Deploying Hugging-face models¶

Pre-trained models available in Hugging-face can be deployed by DKubeX.

On the DKubeX Workspace, click on the terminal application to open the DKubeX CLI on a new tab.

Type the following command while replacing with the appropriate details enclosed in <>.

d3x serve create -n <deployment name> -r hugging_face --hface_repoid <repo-id> --hface_tokenizer <tokenizer> --hface_classifier <classifier> --repo_name <name of repo containing serving script> --repo_org <username of repo owner> --is_private_repo --access_token <your github personal access token> --branch_name <name of the branch containing the serving script> --depfilepath <deployment file path> --ngpus <number of gpu> --min_cpu <min number of cpus for cluster creation> --max_cpu <max number of cpus for cluster creation> --min_memory <min memory for cluster creation> --max_memory <max memory for cluster creation> --min_replicas <min number of deployment replicas> --max_replicas <max number of deployment replicas>

d3x serve create -n biogptdeploy -r hugging_face --hface_repoid microsoft/biogpt --hface_tokenizer BioGptTokenizer --hface_classifier text-completion --repo_name dkubex-examples --repo_org dkubeio --branch_name serve --depfilepath biogpt.deploy

Note

In the serving command, if the values of hardware type, cpu, gpu, memory and replica are not provided, it automatically accepts the default values for them.
Use –is_private_repo and –access_token flags if the repository containing the serving script is private. Also make sure that you have access to the repository containing the serving script.
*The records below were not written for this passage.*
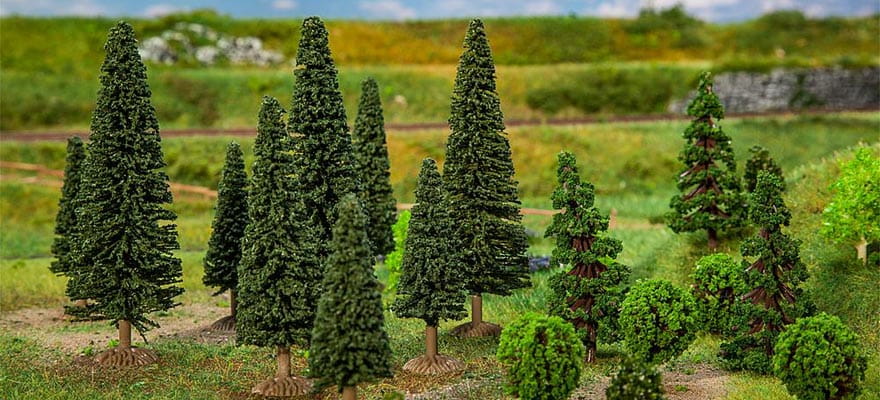 Mieszane drzewka leśne firmy Faller w skali TT+N+Z.
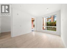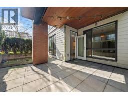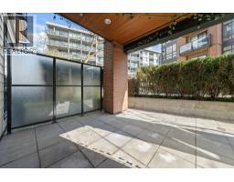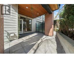 Patio lover´s dream! East-facing ground-floor 1 bed, 1 bath and den at The Shore by Adera. Bright modern kitchen with white cabinets, quartz counters, stainless steel appliances and a large bar for seating. The bedroom is a generous size with its own ensuite. The living area opens to a private oversized patio perfect for entertaining, gardening or relaxing. BONUS 49 sqft Private Storage locker room directly beside the unit (approx. 3'6 x 14'), ideal for bikes, gear and storage. Excellent central location near shopping, schools, transit, the Spirit Trail and only a 15-minute walk to Lonsdale Quay and Mosquito Creek. Includes 1 parking. Building amenities include gym, yoga studio, playground, amenity room and bike storage. Pet and rental friendly building in a vibrant North Shore community. (id:45820)
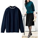 立体的な編み地変化ですっきり見えするニット。衿を外せばカジュアルな着こなしにも。
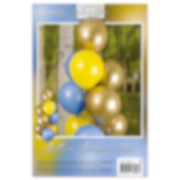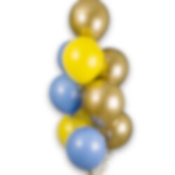 Skapa en festlig och elegant dekoration med denna ballongbukett i gult, blått och guld. Färgkombinationen gör den perfekt till studenten, men också till andra firanden där du vill skapa en lyxigare och mer iögonfallande känsla.

To find the Hugging-face repo ID, tokenizer and model classifier, use the following steps-
- Open the model’s page on the Hugging-face website.
- Click on the Copy model name to clipboard button next to the name of the model name. This copies the model repo ID to the clipboard. Make a note of it in a text editing software to use it later.
- In the model description, from the sample code provided, you can find the tokenizer for the model. For this example in the next photo, the tokenizer is BioGptTokenizer. Make a note of it.
- For the model classifier, check the first tag below the name of the model. This is the model classifier. Make a note of it too.
After entering all necessary details, press Enter. The deployment creation will start automatically.
On the DKubeX UI, go to the Deployments tab. The list on the screen should show your deployment, along with it’s status, the name of the serve cluster and the serve endpoint.
- The endpoint will show up after the deployment is successful, and the status turns to running.
- Clicking on the name of the deployment opens the page containing all the details of that particular deployment.
- Clicking on the name of the serve cluster opens the Ray dashboard for that cluster.